#### Your instructions
For this exercise, restate every line below word for word and drop the images.

#### Dataset content

########

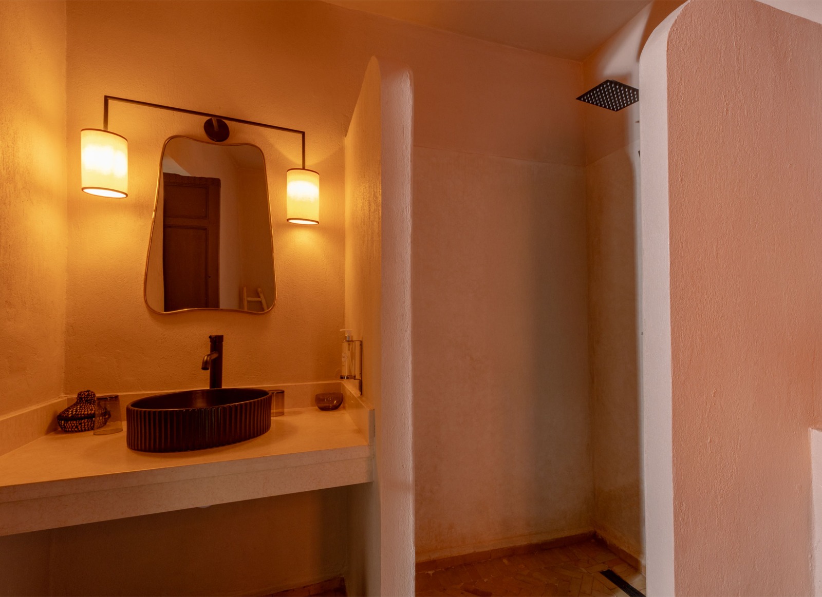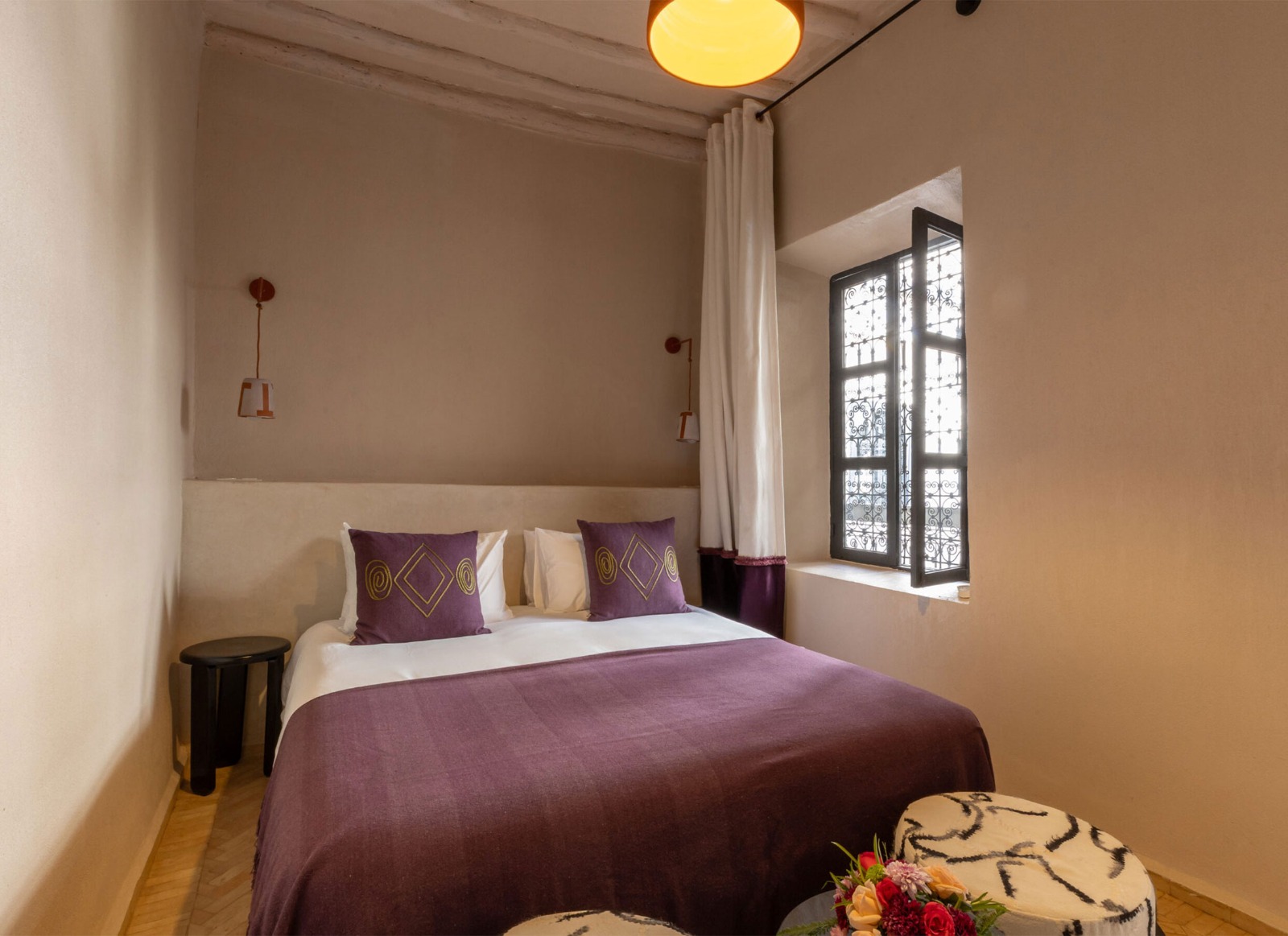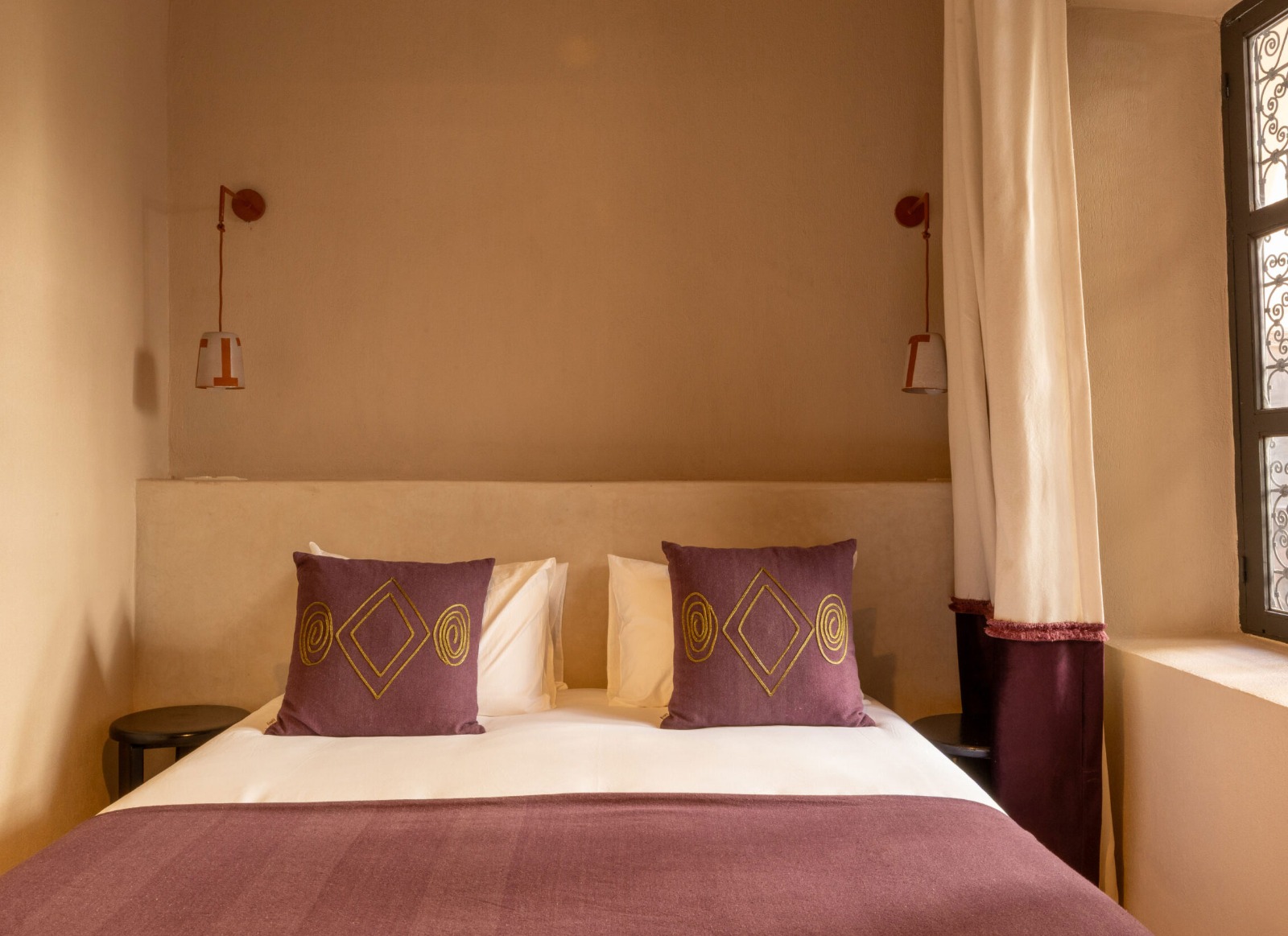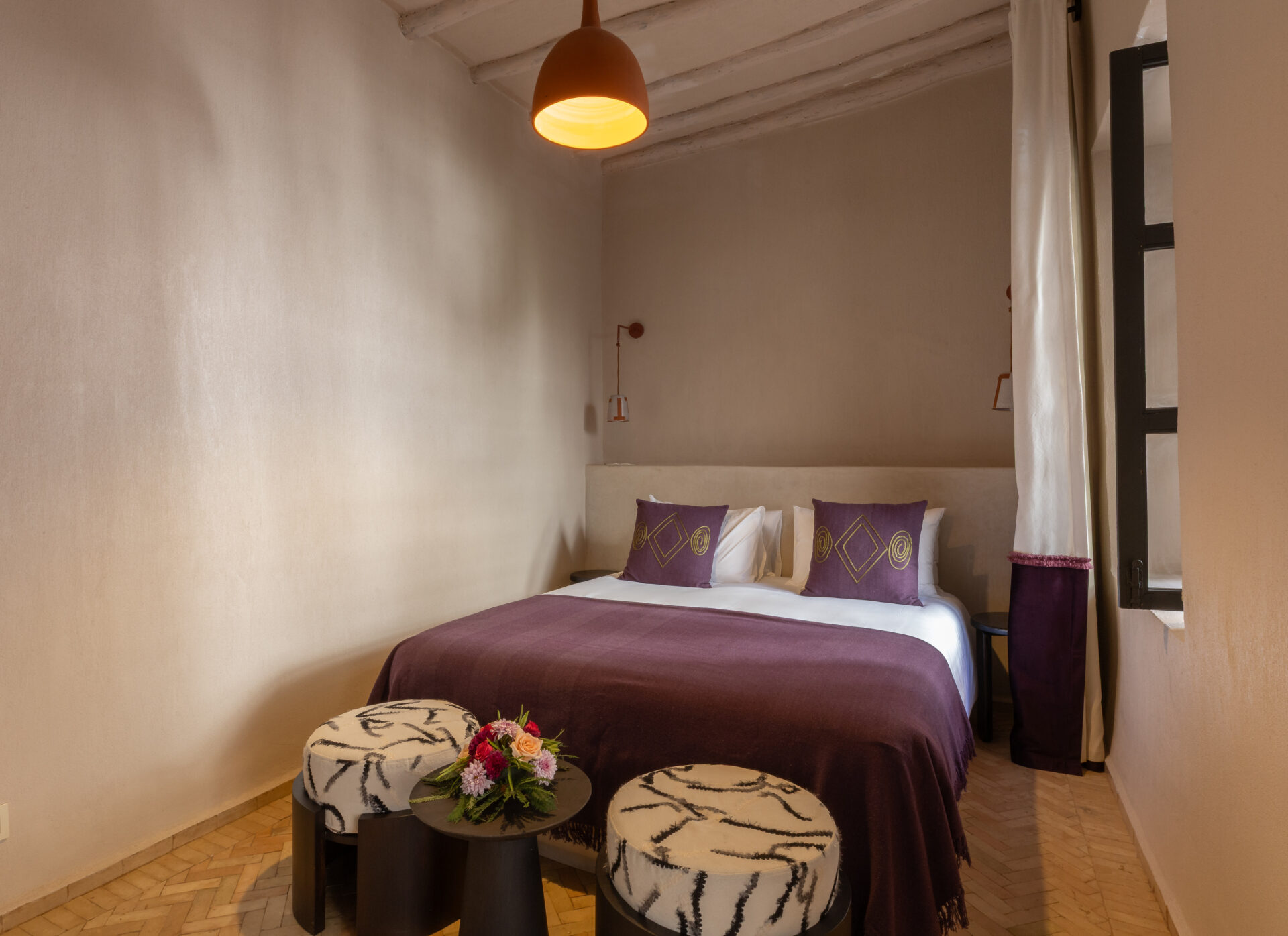 Cette chambre chaleureuse allie charme traditionnel et confort moderne. Son lit double habillé de tissus mauves, sa lumière douce et ses matériaux naturels créent une atmosphère apaisante.
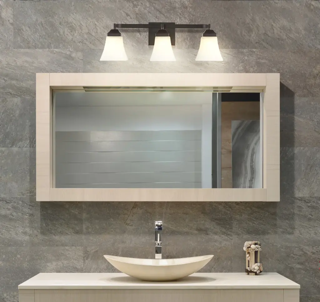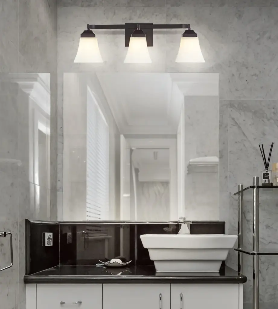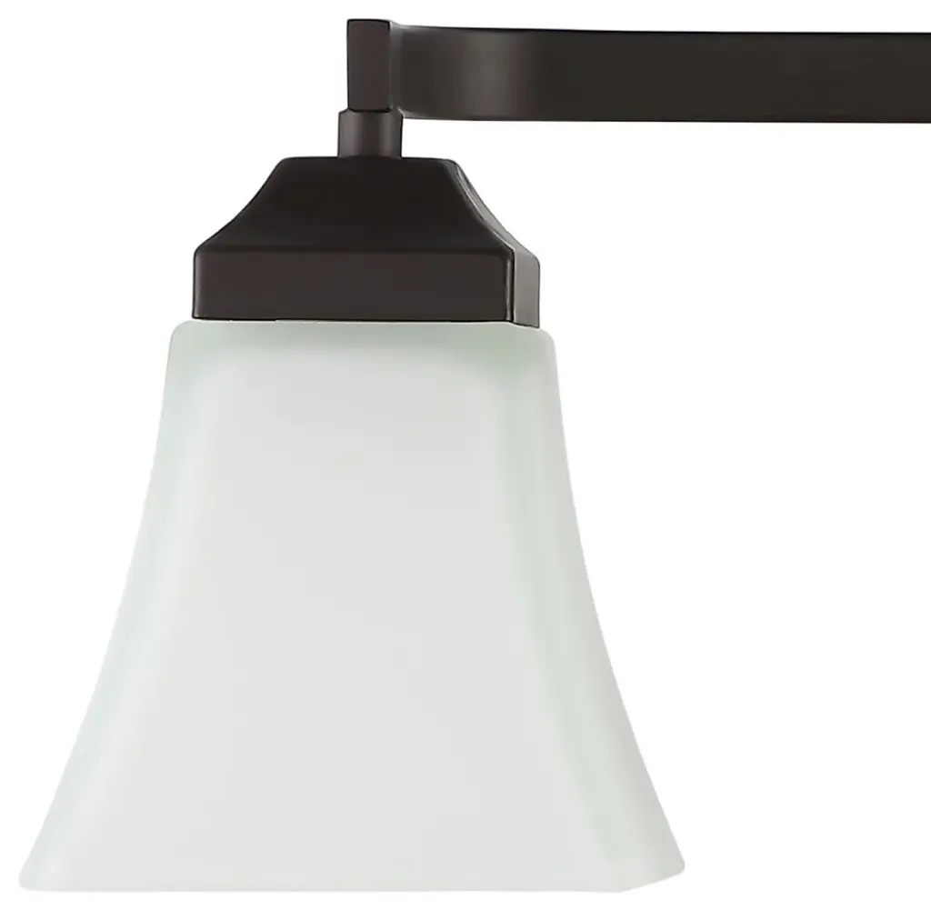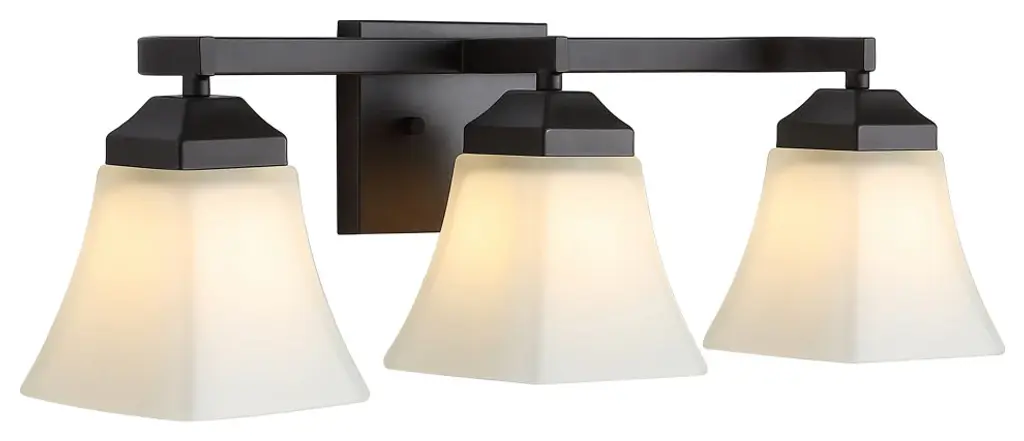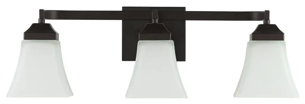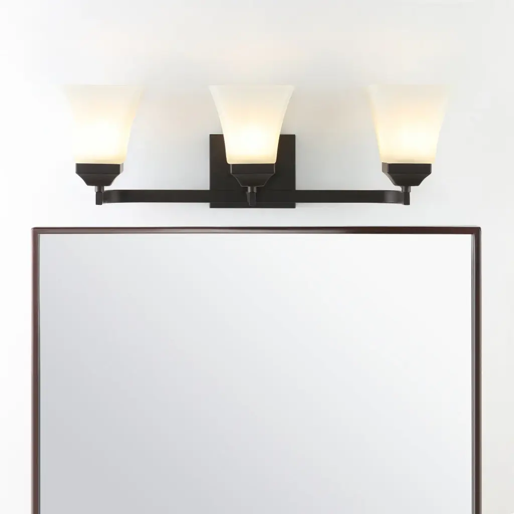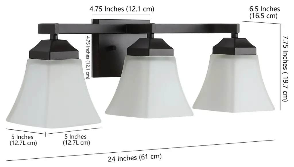 The squared lines of this 3-light vanity fixture give it a pared-down traditional look. A soft black finish and flared shades add low-key vintage style over a bathroom mirror. Frosted glass provides soft, diffused light from the bright LED bulbs.Features:• Give your bathroom vanity an instant makeover with our black finish and modern cottage aesthetic• This 3-light fixture is perfect for a single sink in a large bathroom; or use one over each sink on a double vanity• Takes 3 bulbs and compatible with any 9W LED or 40W TYPE "A"/"B" or 13W CFL• Eco-Friendly 4W LED bulb included• As this fixture must be hardwired, we recommend a professional electrician manage installation• Color: Oil Rubbed Bronze• Body Material: Iron/Glass• Includes: 1 lamps• Assembly RequiredDimensions:• Lamp: 7.75 inches high x 24 inches wide x 6.5 inches deepAbout us:You see a lamp.We see a decorative work of art.A perfectly curved shade casts a dramatic shadow on a floor. Compatible with LED lightbulbs: as easy on the environment as they are on the eyes. The JONATHAN Y Lighting collection considers every detail from impeccably sourced materials to designer styling. And our prices are so attractive, weââ"šÂ¬Ã¢"žÂ¢ve transformed a functional necessity into a fashion accessory.JONATHAN Y Lighting - a fashion revolution in home decor.
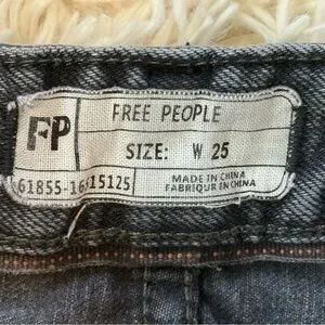Free People Denim Shorts mid rise washed black SZ 25 button fly raw hem
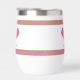 A super fun wine or coffee tumbler featuring crossed pickleball paddles and colourful pink and green stripes. Add you custom text to personalize. Easily change the colours. Makes a perfect pickleball gift for your friend, tournament partner, coach or anyone who loves this awesome game of pickleball.
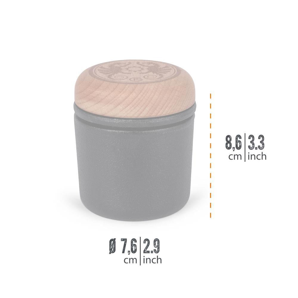 Edles Design: Der Holzdeckel mit eingraviertem Petromax-Drachenlogo verleiht dem Mörser ein ansprechendes und traditionelles Aussehen.
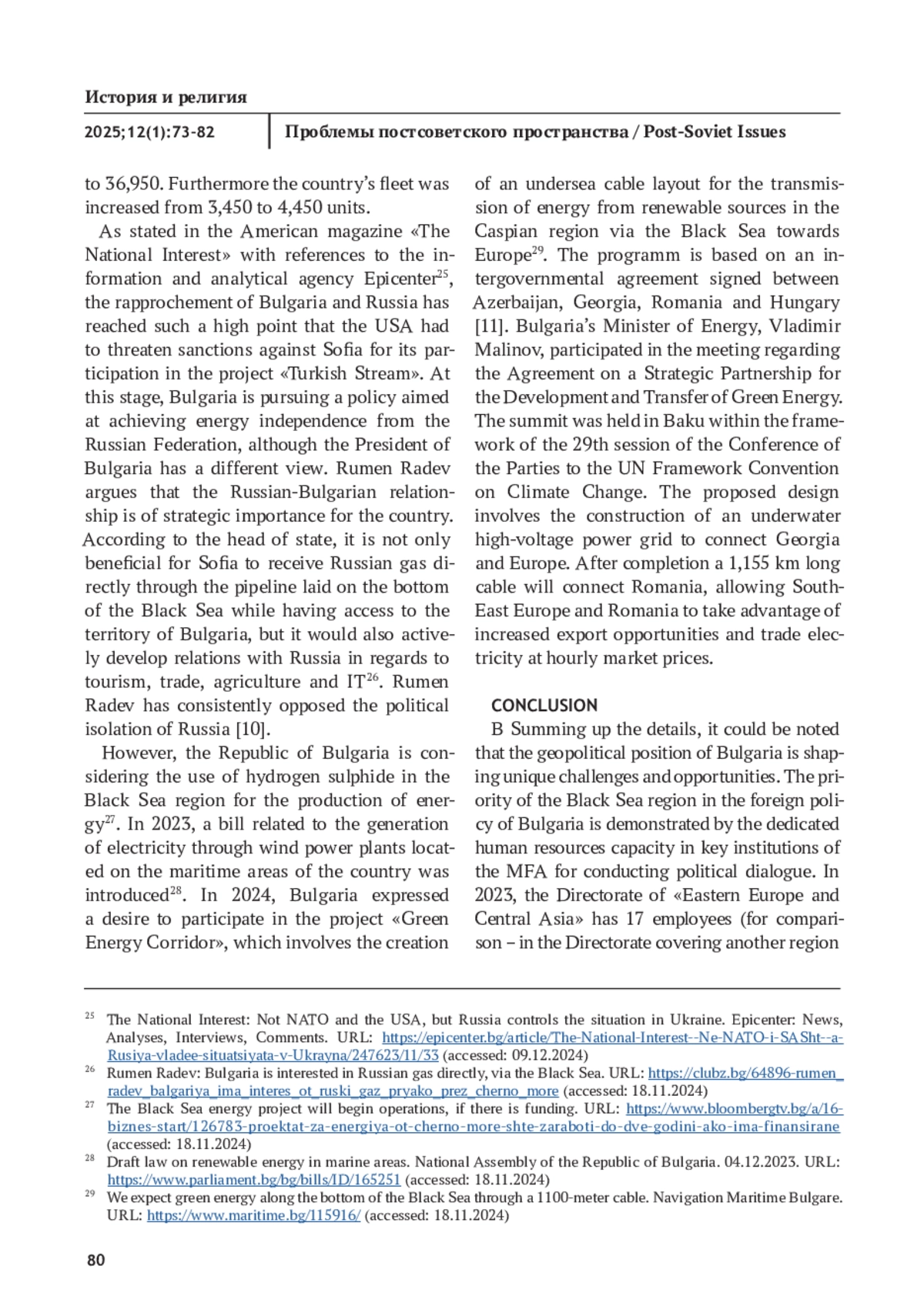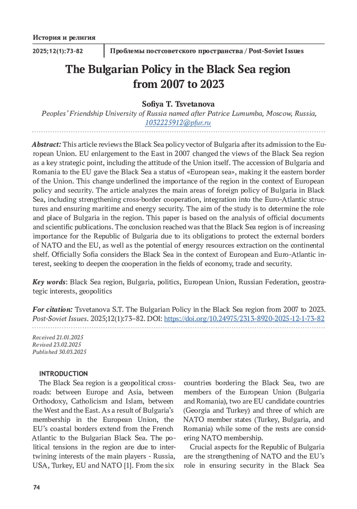 В данной статье рассматривается черноморский вектор политики Болгарии после вступления страны в Европейский союз. Расширение ЕС на Восток в 2007 году изменило восприятие Черноморского региона как ключевого стратегического пространства, включая отношение самого Союза. Принятие Болгарии и Румынии в ЕС придало Черному морю статус «европейского моря», превратив его в восточную границу Союза. Это изменение подчеркнуло значимость региона в контексте европейской политики и безопасности. В статье анализируются основные направления внешней политики Болгарии в Черноморье, включая укрепление трансграничного сотрудничества, интеграцию в евроатлантические структуры и обеспечение морской и энергетической безопасности. Цель исследования заключается в определении роли и места Болгарии в регионе. Работа основана на анализе официальных документов и научных публикаций. В заключении делается вывод о возрастающей значимости Черноморского региона для Республики Болгария ввиду ее обязательств по защите внешних границ НАТО и ЕС, а также потенциала добычи энергетических ресурсов на континентальном шельфе. Официальная София рассматривает Черноморье в европейском и евроатлантическом контексте, стремясь углублять сотрудничество в области экономики, торговли и безопасности.

########

#### Exercise response
 Cette chambre chaleureuse allie charme traditionnel et confort moderne. Son lit double habillé de tissus mauves, sa lumière douce et ses matériaux naturels créent une atmosphère apaisante.
 The squared lines of this 3-light vanity fixture give it a pared-down traditional look. A soft black finish and flared shades add low-key vintage style over a bathroom mirror. Frosted glass provides soft, diffused light from the bright LED bulbs.Features:• Give your bathroom vanity an instant makeover with our black finish and modern cottage aesthetic• This 3-light fixture is perfect for a single sink in a large bathroom; or use one over each sink on a double vanity• Takes 3 bulbs and compatible with any 9W LED or 40W TYPE "A"/"B" or 13W CFL• Eco-Friendly 4W LED bulb included• As this fixture must be hardwired, we recommend a professional electrician manage installation• Color: Oil Rubbed Bronze• Body Material: Iron/Glass• Includes: 1 lamps• Assembly RequiredDimensions:• Lamp: 7.75 inches high x 24 inches wide x 6.5 inches deepAbout us:You see a lamp.We see a decorative work of art.A perfectly curved shade casts a dramatic shadow on a floor. Compatible with LED lightbulbs: as easy on the environment as they are on the eyes. The JONATHAN Y Lighting collection considers every detail from impeccably sourced materials to designer styling. And our prices are so attractive, weââ"šÂ¬Ã¢"žÂ¢ve transformed a functional necessity into a fashion accessory.JONATHAN Y Lighting - a fashion revolution in home decor.
Free People Denim Shorts mid rise washed black SZ 25 button fly raw hem
 A super fun wine or coffee tumbler featuring crossed pickleball paddles and colourful pink and green stripes. Add you custom text to personalize. Easily change the colours. Makes a perfect pickleball gift for your friend, tournament partner, coach or anyone who loves this awesome game of pickleball.
 Edles Design: Der Holzdeckel mit eingraviertem Petromax-Drachenlogo verleiht dem Mörser ein ansprechendes und traditionelles Aussehen.
 В данной статье рассматривается черноморский вектор политики Болгарии после вступления страны в Европейский союз. Расширение ЕС на Восток в 2007 году изменило восприятие Черноморского региона как ключевого стратегического пространства, включая отношение самого Союза. Принятие Болгарии и Румынии в ЕС придало Черному морю статус «европейского моря», превратив его в восточную границу Союза. Это изменение подчеркнуло значимость региона в контексте европейской политики и безопасности. В статье анализируются основные направления внешней политики Болгарии в Черноморье, включая укрепление трансграничного сотрудничества, интеграцию в евроатлантические структуры и обеспечение морской и энергетической безопасности. Цель исследования заключается в определении роли и места Болгарии в регионе. Работа основана на анализе официальных документов и научных публикаций. В заключении делается вывод о возрастающей значимости Черноморского региона для Республики Болгария ввиду ее обязательств по защите внешних границ НАТО и ЕС, а также потенциала добычи энергетических ресурсов на континентальном шельфе. Официальная София рассматривает Черноморье в европейском и евроатлантическом контексте, стремясь углублять сотрудничество в области экономики, торговли и безопасности.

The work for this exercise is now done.